De nouveaux instituts, axés sur la technicité des modelages voient aussi le jour, comme à Paris Facekult et Oh My Cream, tandis que pour celles qui recherchent à alterner protocoles visage et corps, des espaces "holistiques" ouvrent leurs portes. À Paris, ce sont par exemple le loft Holidermie et la Maison Alaena.

Des gestes maîtrisés

Aussi séduisants qu'ils soient, les lieux dédiés au massage n'ont de valeur ajoutée qu'avec des protocoles et des thérapeutes d'excellence.

"Les femmes savent faire des gestes un peu techniques grâce aux tutos. Elles ont aussi accès à des outils et des appareils, pour le visage comme pour le corps. Si en tant que professionnel, on n'offre pas autre chose, ça ne sert à rien. L'esthétique de base est en train de mourir", estime Sophie Carbonari.

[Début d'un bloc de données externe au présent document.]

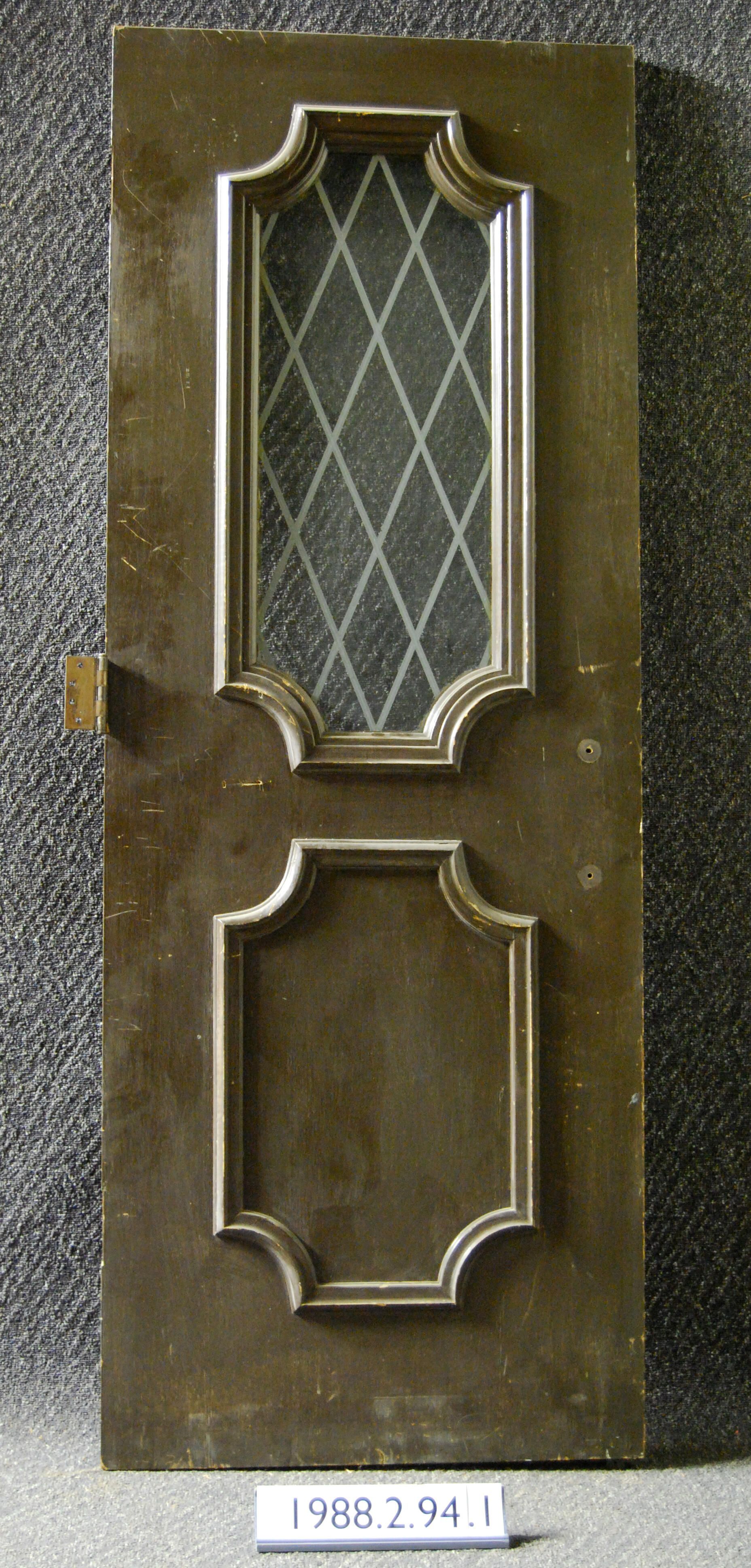 Exterior commercial door. Single opening. Clear glass pane (with alarm strips). Single ffush panel. Applied moldings surround both panel and opening. Door is veneered. Solid core. Has one hinge. All other hardware is missing. Varnished on both sides.
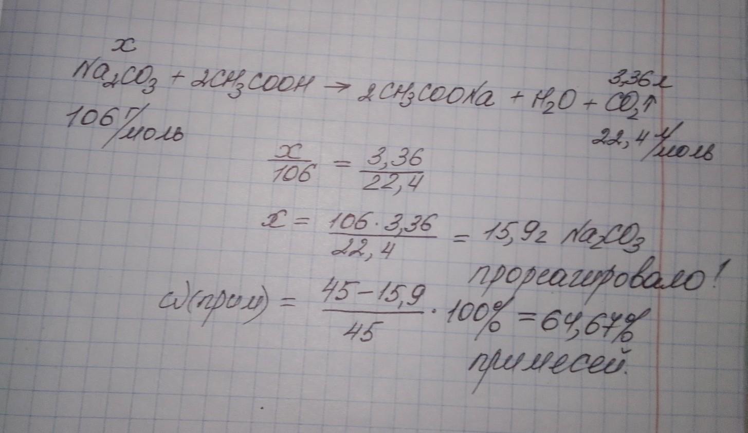2. До технічного зразку соди Na2CO3 масою 45г долили оцтову кислоту. Обчисліть масову частку домішок в соді, якщо в ході реакції виділилось 3,36л вуглекислого газу. Na₂CO3 + 2CH3COOH → 2CH3COONa + H2O + CO2
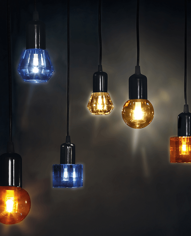一个新的灯泡概念,在水晶,技术和复杂的透明度之间的对话,经过刻面手工处理.灯泡被重新解读为闪闪发光的宝石,三款灯泡由三种不同水晶形状和三种颜色组成.
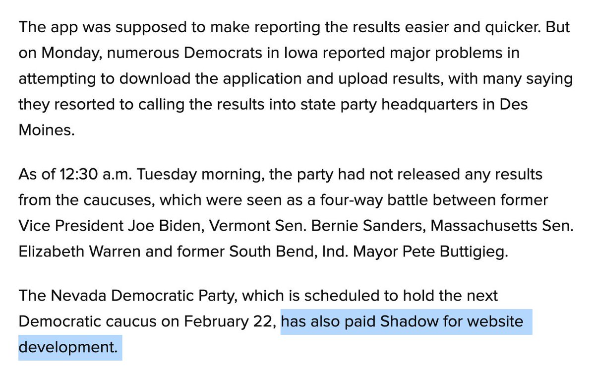 huffpost has reporting on the dem data firm behind the failed app. most notably: it was expensive, and it sure sounds like they're trying to use it in Nevada too https://www.huffpost.com/entry/iowa-caucus-app-shadow_n_5e390191c5b687dacc722824 …pic.twitter.com/tSTEWXoKSN
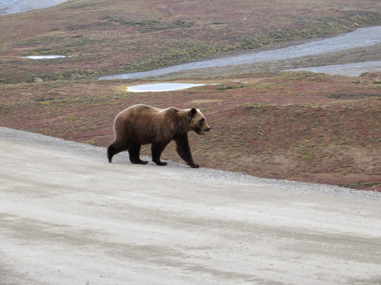 Up to this point, we had yet to see a grizzly bear during any of our journeys. As we ate a snack, Joy disappointingly stated that it looked as though we were going to be in the 5% group, referring to the fact that 95% of Denali visitors get to see a grizzly during their visit. Just then, two girls hurried down the hill we had just hiked and quickly jumped unto the bus, their faces flushed. As they entered, they announced, "There was a bear up there!" Apparently, someone had shared the same information with the group of photographers because we saw them run up the hill, cameras in hand, in the direction the girl had just come.
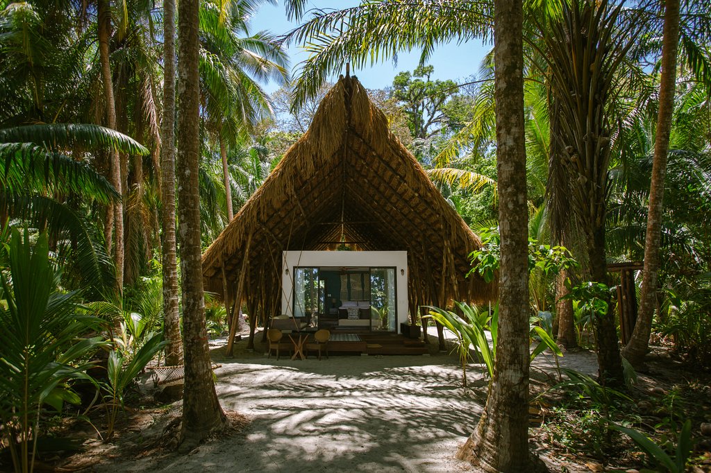 After arriving in Panama City, you fly another hour to David, transfer for 45 minutes to Boca Chica, and ride 15 minutes across emerald water. A cold cocktail awaits you in the thatched arrival pavilion. An electric GEM vehicle then drives you across the island to your hidden, thatched-roof casita. It’s adorable. A wooden deck is outfitted with a patterned rug and a swing couch. Sliding doors lead into the tiered bedroom. It has a single turquoise wall, a king-size bed, and double armoires. An open-air bathroom, with a bamboo rainfall shower surrounded by a garden, is also out back.
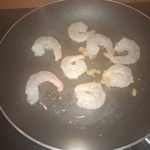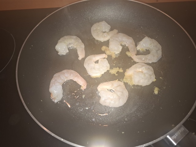 Verhit ondertussen de olie in een koekenpan en bak de garnalen aan beide kanten met de knoflook. Voeg de witte wijn toe en laat een minuutje koken.
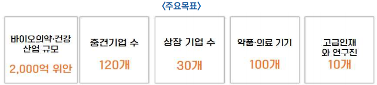 - 세포·유전자 치료, 첨단 의료 기기 스마트제조 등 분야에서 성과를 창출하고 약품·의료 기기 제품 100개 이상 출시 및 과학자, 글로벌 인재와 연구진 10명 이상 유치

Pour que le massage, quel qu'il soit, apporte du résultat à la fois sur la qualité de peau et sur le bien-être, la technicité de la gestuelle est essentielle, tout comme la façon de la reproduire. Par le toucher, les spécialistes accèdent aux méridiens, aux fascias, aux muscles, aux circuits sanguins et lymphatiques. Les connaissances anatomiques et les longues heures de pratiques sont essentielles.

"Cela prend des années pour sortir des gestes mécaniques, sentir la peau, les muscles, adapter ses mouvements et la pression à ce que l'on ressent sous nos doigts", explique Sophie Carbonari.

Et c'est là toute la différence entre exécuter mécaniquement un protocole et mettre un total investissement dans ses mains. Seule manière de vraiment nous toucher.